Segment Start: Given information
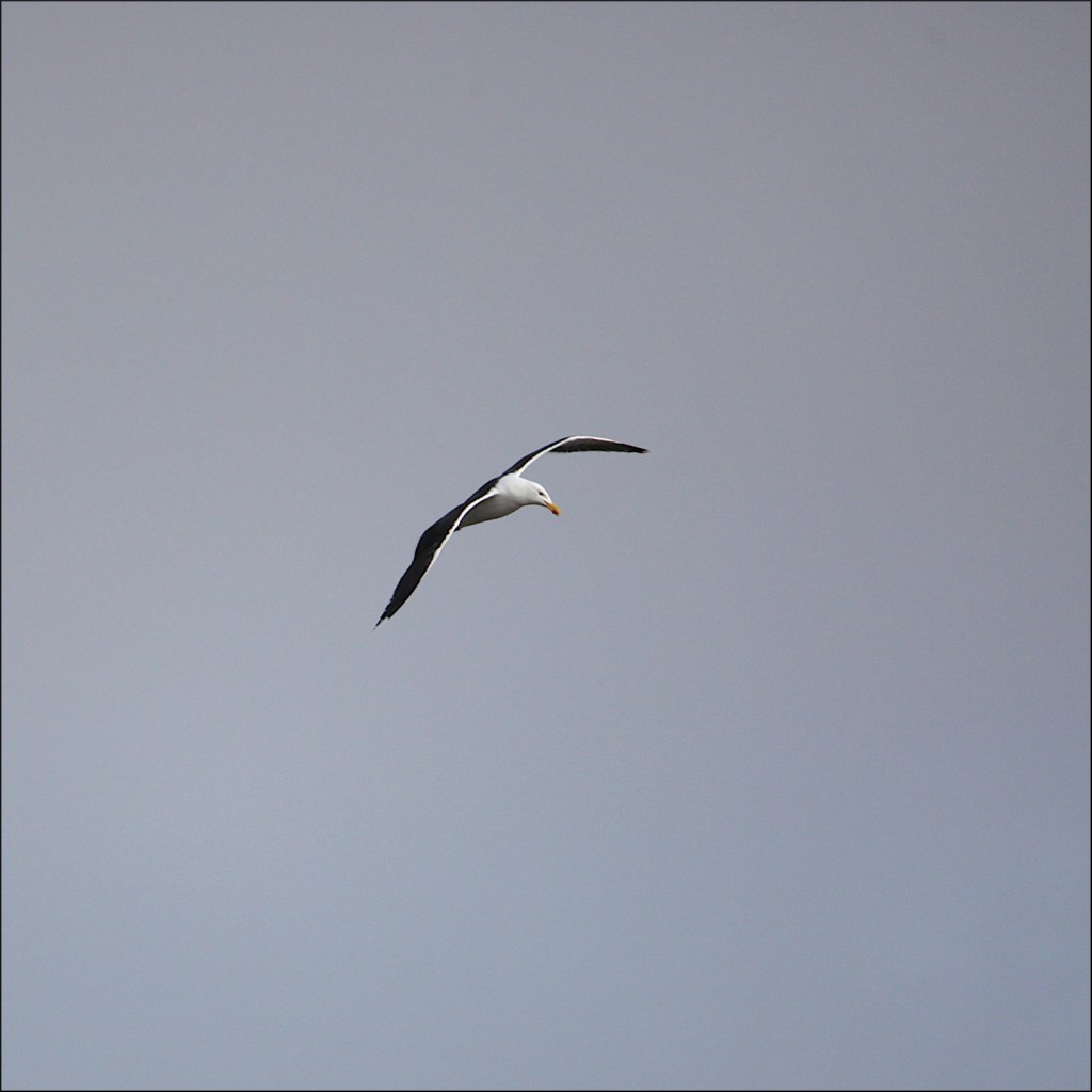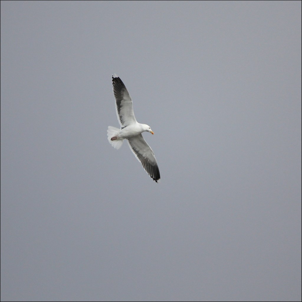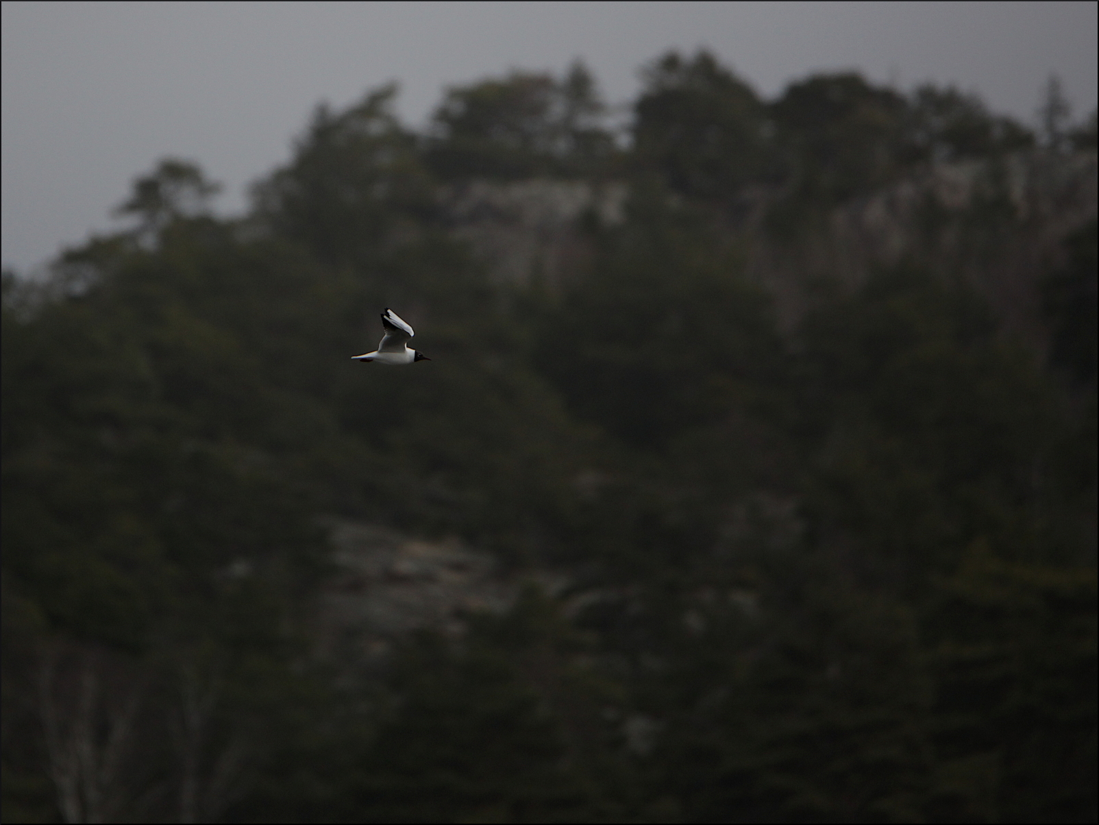 En kall sydlig vind förde mig till favoritviken för att söka lä. Solen försökte bryta igenom ibland men låga moln drev in från havet med sämre sikt och urblekta färger. Ett par nötskrikor förföljde mig verbalt till utkiken, medan trast och sparv höll på att överrösta ängarnas sånglärkor. Ett fåtal skrattmåsar och fiskmåsar rastade i viken korta stunder innan de drog vidare. En ensam sädesärla passerade snabbt i medvinden över mig, innan den smälte samman med molnen.
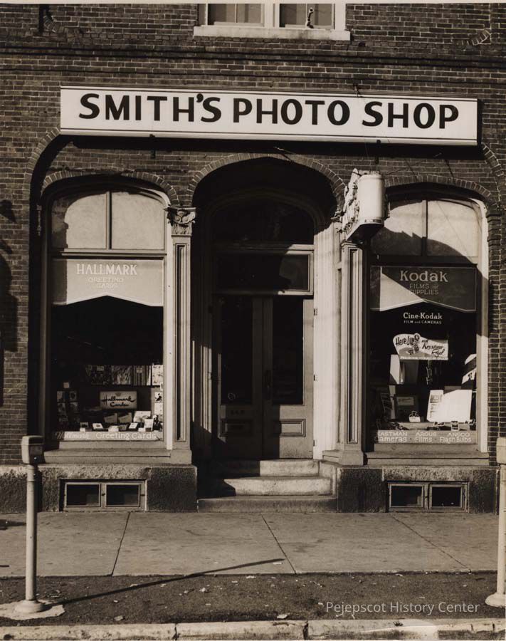 A B/W photograph of the store front of Smith's Photo Shop at 146 Maine Street. Undated
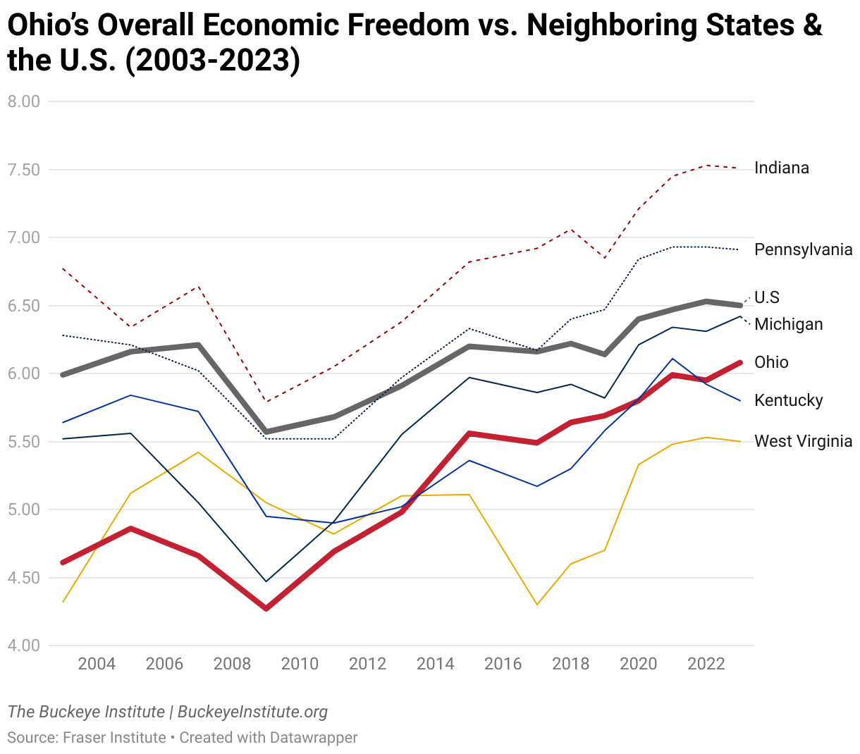 Ohio’s Overall Economic Freedom vs. Neighboring States & the U.S. (2003-2023)
Segment End: Given information
### Exercise details:
Produce the material above again in full, with identical lines and no pictures.

### Written solution:
 En kall sydlig vind förde mig till favoritviken för att söka lä. Solen försökte bryta igenom ibland men låga moln drev in från havet med sämre sikt och urblekta färger. Ett par nötskrikor förföljde mig verbalt till utkiken, medan trast och sparv höll på att överrösta ängarnas sånglärkor. Ett fåtal skrattmåsar och fiskmåsar rastade i viken korta stunder innan de drog vidare. En ensam sädesärla passerade snabbt i medvinden över mig, innan den smälte samman med molnen.
 A B/W photograph of the store front of Smith's Photo Shop at 146 Maine Street. Undated
 Ohio’s Overall Economic Freedom vs. Neighboring States & the U.S. (2003-2023)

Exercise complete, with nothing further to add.